The invention uses an optical distance sensor as a visual servo system of a robot, a probe is fixed and clamped at the tail end of a 7-joint cooperative mechanical arm, the optical distance sensor is integrally arranged at the tail end of the probe, and the optical distance sensor comprises: a laser pen for emitting red point laser, a miniature high-frame rate CCD camera, wherein the CCD camera collects RGB color images of an imaging area and laser points at the same time and transmits the RGB color images to a host in real time; the host machine completes the image processing, recognizes the position of the laser spot, establishes a TCP/IP-based communication channel between the host machine and the robot controller, and establishes a motion compensation control loop. Based on the triangulation principle, the distance between the current probe and the surface of the skin sample is calculated in real time according to the position of the laser point on the surface of the sample, and a calculated control instruction is sent to a robot controller to control and guide the robot to clamp the OCT probe to move in the direction perpendicular to the surface of the sample, so that axial motion compensation is realized.
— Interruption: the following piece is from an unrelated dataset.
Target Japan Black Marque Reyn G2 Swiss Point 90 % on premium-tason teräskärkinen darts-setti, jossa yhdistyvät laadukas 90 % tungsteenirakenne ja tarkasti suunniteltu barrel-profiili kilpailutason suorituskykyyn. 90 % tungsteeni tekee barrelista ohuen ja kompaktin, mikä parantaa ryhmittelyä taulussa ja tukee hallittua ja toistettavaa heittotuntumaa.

There is also provided a motion compensated assisted OCT method comprising the steps of:
(I) An optical distance sensor is used as a visual servo system of the robot, a probe is fixed and clamped at the tail end of the 7-joint cooperative mechanical arm, and the optical distance sensor is integrally arranged at the tail end of the probe;
(II) the CCD camera collects RGB color images of the imaging area and the laser points at the same time, and transmits the RGB color images to the host computer in real time;
(III) finishing image processing by a host computer, identifying the position of the laser point, and obtaining the position information of the laser point on the surface of the sample;
(IV) based on the principle of triangulation, calculating the accurate distance from the probe to the sample according to the identification and positioning result of the laser point, sending a control instruction to the mechanical arm by the host computer,
the mechanical arm controller enables the mechanical arm clamping probe to axially move to follow the surface of the sample so as to compensate the axial movement of the sample;
(V) establishing a TCP/IP based communication channel between the host and the robot controller,
a motion compensation control loop is established.
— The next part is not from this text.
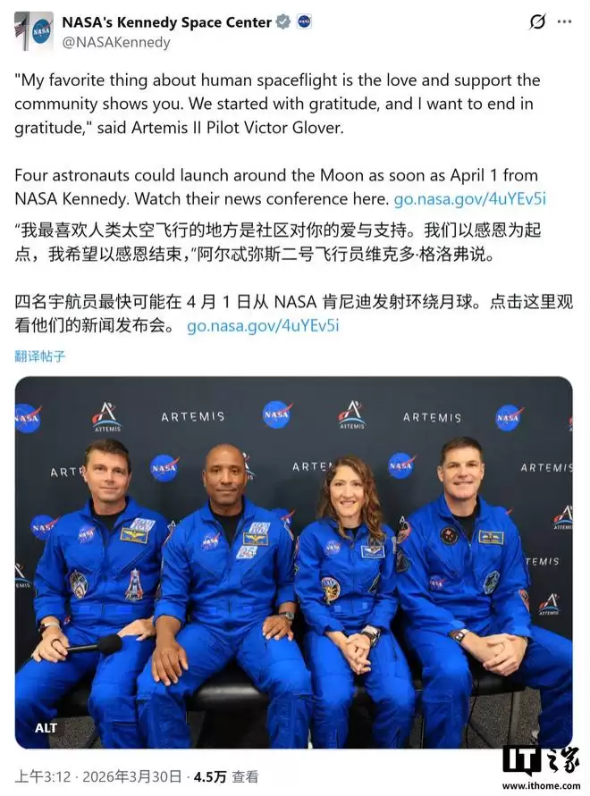 美国宇航局计划于美国东部时间 4 月 1 日下午 6 时 24 分(IT之家注:北京时间 4 月 2 日早上 6 时 24 分)起的两小时窗口内,发射“阿耳忒弥斯 2 号”任务,三名美国宇航员与一名加拿大宇航员开启为期 10 天的环月飞行并返回地球。

Also provided is a method of operation of a motion compensated assisted OCT system, comprising the steps of:
(1) Starting;
(2) The CCD camera collects RGB color images of the imaging area and the laser points at the same time;
(3) The host machine completes the image processing, identifies the position of the laser point and obtains the position information of the sample surface;
(4) When the detected laser point position changes by more than 2 pixels compared with the y-direction coordinates of the pixels of the image center point, activating a mechanical arm motion compensation function; specifically, when the laser point coordinates are less than the center point coordinates, indicating that the sample is too far from the probe, the probe is moved downward to decrease the distance, whereas the probe is moved upward to increase the distance so that the probe is always kept near the ideal position from the sample.
Drawings
Fig. 1 is a schematic diagram of the structure of a motion compensated assisted OCT system according to the present invention.
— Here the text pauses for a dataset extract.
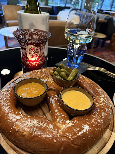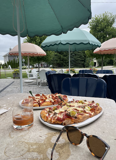 Stopped in here around 5:30p on a holiday weekend, was seated right away (2 of us). Food is mainly finger foods with some craft pizza's and a great bar menu full of wine, beer, and spirits. The atmosphere is cozy, somewhat loud if busy but not too overbearing. Some TV's scattered throughout and the occasional guest musician. There is a nice outdoor patio area to escape the inside bustle. Restrooms are very clean, single person only. The location is great, near shops and dessert. They do not have any dips or dressings, but I asked if we could bring our own ranch for the pizza and they didn't have issue with this. I ran to the general store down the road and got a travel size ranch...

Fig. 2 is a schematic diagram of a probe of a motion compensated assisted OCT system according to the present invention.
Fig. 3 is a schematic diagram of the principle of the triangulation principle based optical sensor measuring the distance of the probe from the sample surface according to one embodiment of the present invention.
FIG. 4 is a control flow diagram of one example of a robotic-assisted motion compensation system according to one embodiment of the invention.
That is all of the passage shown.